The task: Return all the entries exactly. No pictures.

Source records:
════════════════════
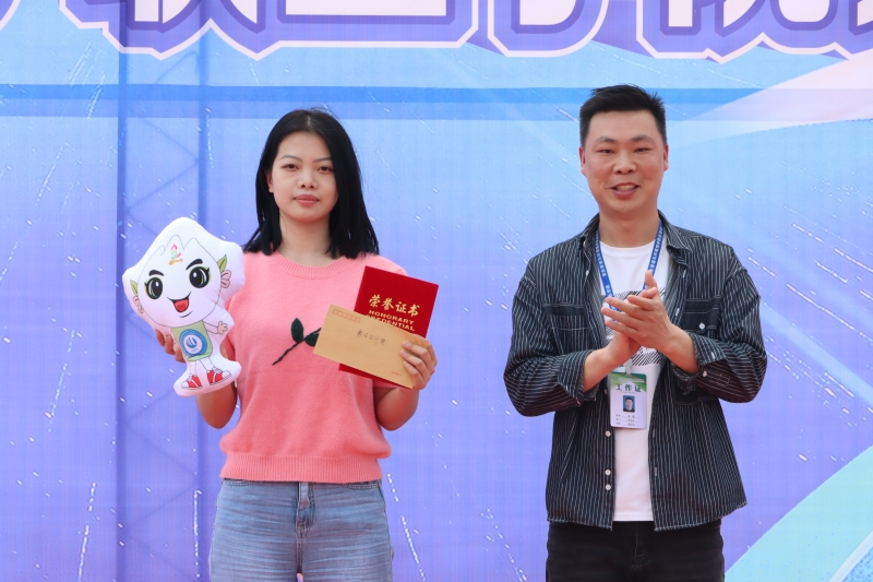 我校师生在参加重庆市级大学生篮球赛、健美操比赛、大学生田径比赛分别取得了优异的成绩,副校长胡强、副校长喻帮梅代表学校对获奖团队和个人颁奖。
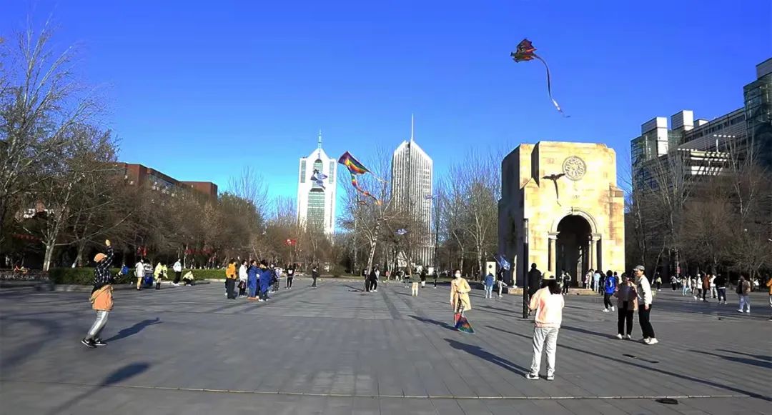 天津大学自动化学院2019级本科生小李说:“好久没有这样自由自在地放风筝了,好像回到了童年,对每天封闭在校园里上网课的我们来说,情绪也得到了放松和舒缓,感觉学校超有爱!”
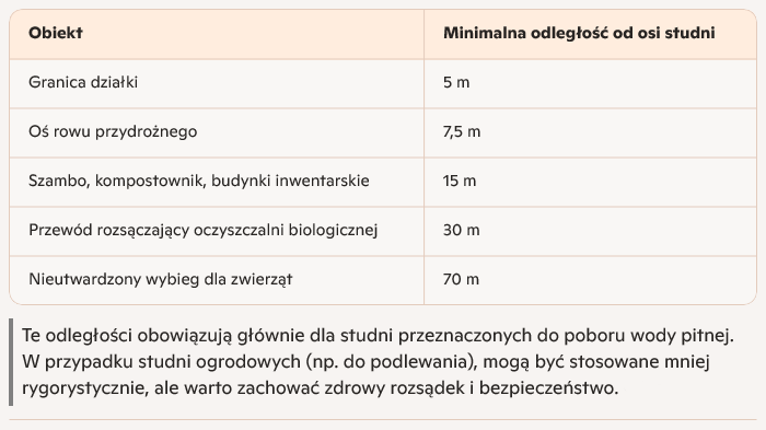 Te odległości obowiązują głównie dla studni przeznaczonych do poboru wody pitnej. W przypadku studni ogrodowych (np. do podlewania), mogą być stosowane mniej rygorystycznie, ale warto zachować zdrowy rozsądek i bezpieczeństwo.
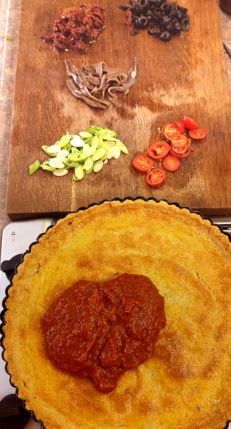 Zu einer glatten Masse verrührt, streiche ich sie in die Tarte-Form und ziehe den Rand, so hoch ich kann.
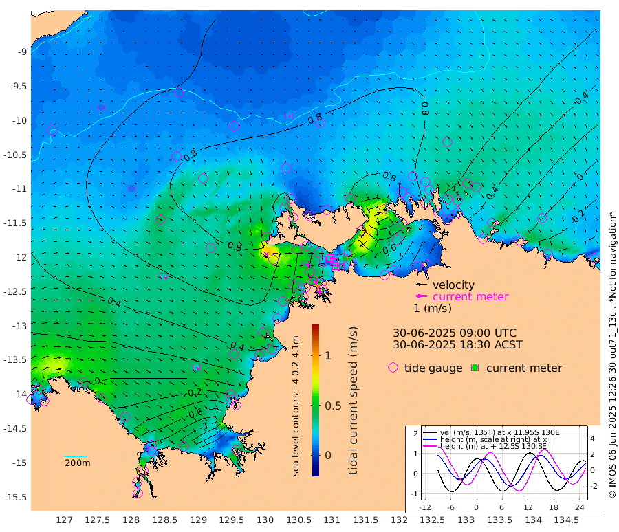 32cm/s 81T +4cm/s rms + 6cm/s 51T. Darwin_C1 52m 31cm/s 81T +4cm/s rms + 7cm/s -161T. Darwin_CW1 22m 5cm/s 84T +4cm/s rms + 8cm/s 61T. Darwin_CW2 34m 22cm/s -155T +3cm/s rms + 9cm/s 98T. Darwin_CW3 22m 11cm/s -82T +5cm/s rms + 7cm/s 88T. Darwin_C3 56m 30cm/s 61T +2cm/s rms + 9cm/s -126T. Darwin_CTbW 22m 13cm/s 145T +9cm/s rms + 2cm/s -110T. NWSLYN 196m 45cm/s 96T +1cm/s rms + 1cm/s -47T. DARBGF 30m 10cm/s 44T +7cm/s rms + 2cm/s -137T. ITFTIS 464m 9cm/s 92T +9cm/s rms + 1cm/s 74T. ITFMHB 146m 31cm/s 136T +4cm/s rms + 1cm/s -134T. ITFJBG 61m 31cm/s 117T +6cm/s rms + 4cm/s 121T. ITFFTB 108m 46cm/s 126T +4cm/s rms + 3cm/s 80T. NRSDAR 19m -39cm Carronade Island -39cm Guy Point -36cm Napier Broome Bay -37cm Lesueur Island -67cm Reveley Island -70cm Rocky Island -121cm Cape Domett -106cm Lacrosse Island -172cm Adolphus Island -208cm Pender Point -235cm Wyndham 49cm The Boxers 73cm Unnamed Shoal 57cm Loxton Shoal -105cm Pelican Island 59cm Calder Shoal 59cm Evans Shoal -211cm Quoin Island -47cm Port Keats -53cm Jones Point -236cm Catfish Island 15cm Cape Scott Offshore 50cm Cape Ford 29cm Anson Bay 70cm Goodrich Bank 24cm Peron Island North 31cm Point Jenny 35cm Native Point 23cm Fish Reef 30cm Tapa Bay 68cm Point Fawcett (Offshore) 10cm Burge Point 38cm Munkunuwa 32cm Beagle A 15cm Parsons Bank 5cm Fenton Patches 61cm Lynedoch Bank 3cm Hancox Shoal Area 8cm Nightcliff 6cm Darwin 28cm Charles Point Patches -42cm Glyde Point -110cm Chambers Bay -125cm Point Stuart -60cm Cape Hotham -99cm Christine Reef -147cm West Alligator Head -178cm East Field Island -75cm Two Hills Bay 37cm Newby Shoal -63cm Camp Point 31cm Medina Inlet South 76cm South Barlow Point 76cm St. Asaph Bay 76cm Cape Van Dieman 79cm Snake Bay 64cm Cache Point 41cm Echo Shoal 48cm Point Jahleel (Off) 18cm Cape Don 53cm Port Essington 51cm Smith Point - West 51cm NW Peacock Island 61cm North Of Jones Shoal 21cm Peacock Island 45cm Point David 52cm D'urville Point 53cm Money Shoal 39cm Copeland Island 43cm Cape Cockburn 44cm One Tree Point 40cm Hogmany Shoal 40cm New Year Island - West 38cm Grant Island 20cm Aurari Bay -1cm Cuthbert Point 23cm North Goulburn Island 0cm Paxie Shoal -35cm Entrance Island -61cm Yabooma Island
════════════════════
Response box:
 我校师生在参加重庆市级大学生篮球赛、健美操比赛、大学生田径比赛分别取得了优异的成绩,副校长胡强、副校长喻帮梅代表学校对获奖团队和个人颁奖。
 天津大学自动化学院2019级本科生小李说:“好久没有这样自由自在地放风筝了,好像回到了童年,对每天封闭在校园里上网课的我们来说,情绪也得到了放松和舒缓,感觉学校超有爱!”
 Te odległości obowiązują głównie dla studni przeznaczonych do poboru wody pitnej. W przypadku studni ogrodowych (np. do podlewania), mogą być stosowane mniej rygorystycznie, ale warto zachować zdrowy rozsądek i bezpieczeństwo.
 Zu einer glatten Masse verrührt, streiche ich sie in die Tarte-Form und ziehe den Rand, so hoch ich kann.
 32cm/s 81T +4cm/s rms + 6cm/s 51T. Darwin_C1 52m 31cm/s 81T +4cm/s rms + 7cm/s -161T. Darwin_CW1 22m 5cm/s 84T +4cm/s rms + 8cm/s 61T. Darwin_CW2 34m 22cm/s -155T +3cm/s rms + 9cm/s 98T. Darwin_CW3 22m 11cm/s -82T +5cm/s rms + 7cm/s 88T. Darwin_C3 56m 30cm/s 61T +2cm/s rms + 9cm/s -126T. Darwin_CTbW 22m 13cm/s 145T +9cm/s rms + 2cm/s -110T. NWSLYN 196m 45cm/s 96T +1cm/s rms + 1cm/s -47T. DARBGF 30m 10cm/s 44T +7cm/s rms + 2cm/s -137T. ITFTIS 464m 9cm/s 92T +9cm/s rms + 1cm/s 74T. ITFMHB 146m 31cm/s 136T +4cm/s rms + 1cm/s -134T. ITFJBG 61m 31cm/s 117T +6cm/s rms + 4cm/s 121T. ITFFTB 108m 46cm/s 126T +4cm/s rms + 3cm/s 80T. NRSDAR 19m -39cm Carronade Island -39cm Guy Point -36cm Napier Broome Bay -37cm Lesueur Island -67cm Reveley Island -70cm Rocky Island -121cm Cape Domett -106cm Lacrosse Island -172cm Adolphus Island -208cm Pender Point -235cm Wyndham 49cm The Boxers 73cm Unnamed Shoal 57cm Loxton Shoal -105cm Pelican Island 59cm Calder Shoal 59cm Evans Shoal -211cm Quoin Island -47cm Port Keats -53cm Jones Point -236cm Catfish Island 15cm Cape Scott Offshore 50cm Cape Ford 29cm Anson Bay 70cm Goodrich Bank 24cm Peron Island North 31cm Point Jenny 35cm Native Point 23cm Fish Reef 30cm Tapa Bay 68cm Point Fawcett (Offshore) 10cm Burge Point 38cm Munkunuwa 32cm Beagle A 15cm Parsons Bank 5cm Fenton Patches 61cm Lynedoch Bank 3cm Hancox Shoal Area 8cm Nightcliff 6cm Darwin 28cm Charles Point Patches -42cm Glyde Point -110cm Chambers Bay -125cm Point Stuart -60cm Cape Hotham -99cm Christine Reef -147cm West Alligator Head -178cm East Field Island -75cm Two Hills Bay 37cm Newby Shoal -63cm Camp Point 31cm Medina Inlet South 76cm South Barlow Point 76cm St. Asaph Bay 76cm Cape Van Dieman 79cm Snake Bay 64cm Cache Point 41cm Echo Shoal 48cm Point Jahleel (Off) 18cm Cape Don 53cm Port Essington 51cm Smith Point - West 51cm NW Peacock Island 61cm North Of Jones Shoal 21cm Peacock Island 45cm Point David 52cm D'urville Point 53cm Money Shoal 39cm Copeland Island 43cm Cape Cockburn 44cm One Tree Point 40cm Hogmany Shoal 40cm New Year Island - West 38cm Grant Island 20cm Aurari Bay -1cm Cuthbert Point 23cm North Goulburn Island 0cm Paxie Shoal -35cm Entrance Island -61cm Yabooma Island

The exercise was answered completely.